Do you not realize that everything you say and do is being written in the Books.  These "works" that we'll be judged by are not dead works, they are "works of faith" that Paul TELLS you TO DO.  If they were dead works, do you think that Paul, James, John, Hebrews and all the way through Revelation would be telling you, instructing you to do these things that you will be judged by.  What?  Do you just ignore most of the word of God and cherry pick the scriptures that seem to support what you'd rather believe?  
Which then begs the question---who in their right mind would want to believe that God forces them to choose something He's going to ultimately condemn them for?  God only does that with those who've been turned over to reprobate minds and are lost because they chose opposite God and God knew their hearts.  That's why they were turned over to reprobates.  He knew they wouldn't return and it wasn't because they weren't given a choice, because they were given a choice and they chose what ultimately condemned them---not God.

----------


## Sola_Fide

> If God said Himself that He was going to judge you by your works, just what do you think they are then?  Do you think that these works that God is going to judge you by are something that magically happens just because of grace alone and by itself?  Do you think He'd force you to do something He'd then condemn you for?
> 
> What is God telling you here then?
> 
> Revelation 20:  
> 
> 11 Then I saw a great white throne and Him who sat on it, from whose face the earth and the heaven fled away. And there was found no place for them.  12 And I saw the dead, small and great, standing before God,[c] and books were opened. And another book was opened, which is the Book of Life. And the dead were judged according to their works, by the things which were written in the books.  13 The sea gave up the dead who were in it, and Death and Hades delivered up the dead who were in them. And they were judged, each one according to his works.  14 Then Death and Hades were cast into the lake of fire. This is the second death.[d]  15 And anyone not found written in the Book of Life was cast into the lake of fire.
> 
> Do you not realize that everything you say and do is being written in the Books.  These "works" that we'll be judged by are not dead works, they are "works of faith" that Paul TELLS you TO DO.  If they were dead works, do you think that Paul, James, John, Hebrews and all the way through Revelation would be telling you, instructing you to do these things that you will be judged by.  What?  Do you just ignore most of the word of God and cherry pick the scriptures that seem to support what you'd rather believe?  
> Which then begs the question---who in their right mind would want to believe that God forces them to choose something He's going to ultimately condemn them for?  God only does that with those who've been turned over to reprobate minds and are lost because they chose opposite God and God knew their hearts.  That's why they were turned over to reprobates.  He knew they wouldn't return and it wasn't because they weren't given a choice, because they were given a choice and they chose what ultimately condemned them---not God.
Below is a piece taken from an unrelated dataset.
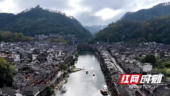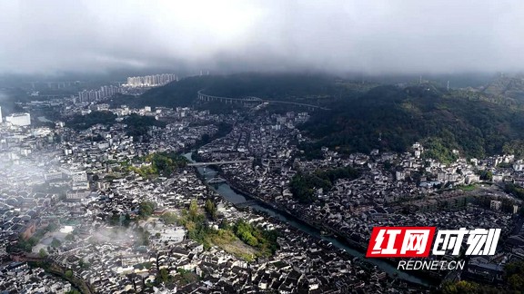红网时刻新闻11月5日讯(凤凰融媒记者 肖昕翔 沈荣灿)持续多日的阴雨天气暂告段落,随着气温回温,11月4日早上,凤凰古城雾气弥漫,云海在古城上空飘动,时而蜿蜒迂回,时而倾泄流动,宛若一幅美丽的云雾山水画卷。

Being judged "by your works" is a VERY BAD thing in the Bible.   Romans chapter 1-3 describes how terrible it is to be judged by your works.  Galatians 3 and 5 do too.

----------


## Terry1

> Being judged "by your works" is a VERY BAD thing in the Bible.   Romans chapter 1-3 describes how terrible it is to be judged by your works.  Galatians 3 and 5 do too.
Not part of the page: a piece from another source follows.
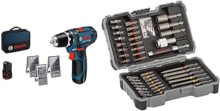 Bosch Professional Akkuschrauber GSR 12V-15 (2x 2,0 Ah Akku, 12 Volt, Schrauben-Ø max: 7 mm, in Tasche) + Bosch Professional 43tlg. Schrauber Bit Set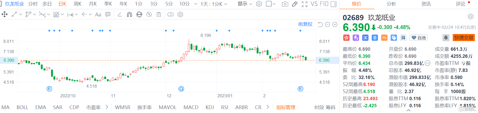 格隆汇2月24日丨玖龙纸业(2689.HK)股价续跌4.5%,报6.39港元,总市值299.8亿港元。公司截至2022年12月31日止六个月收入减少9.5%至约人民币311.98亿元,权益持有人应占亏损约为人民币13.89亿元,去年同期应占盈利27.75亿元。高盛指,业绩略逊该行预期,但符合此前公布的盈警。公司未公布中期股息,而去年同期派息率为14%。将公司23-25年盈利预测上调0-1%,维持目标价4.5港元及“沽售”评级。

I like some others in here have almost given up on you.  You will never understand the difference between a dead work of the Old Law/Mosaic vs "the perfect law of God, His ten commandments that are written upon our hearts. Any work we do now is because we hear and do these things in obedience to the Holy Spirit. This is our work of faith.
This meaning, you either can not grasp or understand for some reason no matter how many different ways it's explained to you.  At this point, I can only assume that maybe you are not meant to know and God may indeed have a good reason for that too.  Consider the dust shaken off here.  I'm done.

----------


## eduardo89

> Terry1 says: we are not saved by grace alone.
> 
> Paul says:
> 
> A Christian is saved by grace alone.  His works and his faith are gifts that does not come "from yourselves".


I agree with all this. We are saved by grace alone.

----------


## Sola_Fide

> I agree with all this. We are saved by grace alone.
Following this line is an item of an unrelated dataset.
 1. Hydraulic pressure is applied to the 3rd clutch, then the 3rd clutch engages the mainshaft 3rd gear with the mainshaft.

Can one lose their justification Eduardo?   If so, how does one gain their justification back?

----------


## eduardo89

> Can one lose their justification Eduardo?   If so, how does one gain their justification back?


Justification is not a one time event.

----------


## Brett85

> Justification is not a one time event.


Then how exactly can you say that we're saved by grace alone?

----------


## eduardo89

> Then how exactly can you say that we're saved by grace alone?


Because we are not saved by anything we do on our own. It is only by the grace of the Cross that we are saved.

----------


## Sola_Fide

> I like some others in here have almost given up on you.  You will never understand the difference between a dead work of the Old Law/Mosaic vs "the perfect law of God, His ten commandments that are written upon our hearts. Any work we do now is because we hear and do these things in obedience to the Holy Spirit. This is our work of faith.
> This meaning, you either can not grasp or understand for some reason no matter how many different ways it's explained to you.  At this point, I can only assume that maybe you are not meant to know and God may indeed have a good reason for that too.  Consider the dust shaken off here.  I'm done.


There is no dust for you to shake off.  You have not even begun to show this unbiblical definition of "works of faith".  All you do is type out "works of faith", put it in quotes,  and think that is enough to prove your point.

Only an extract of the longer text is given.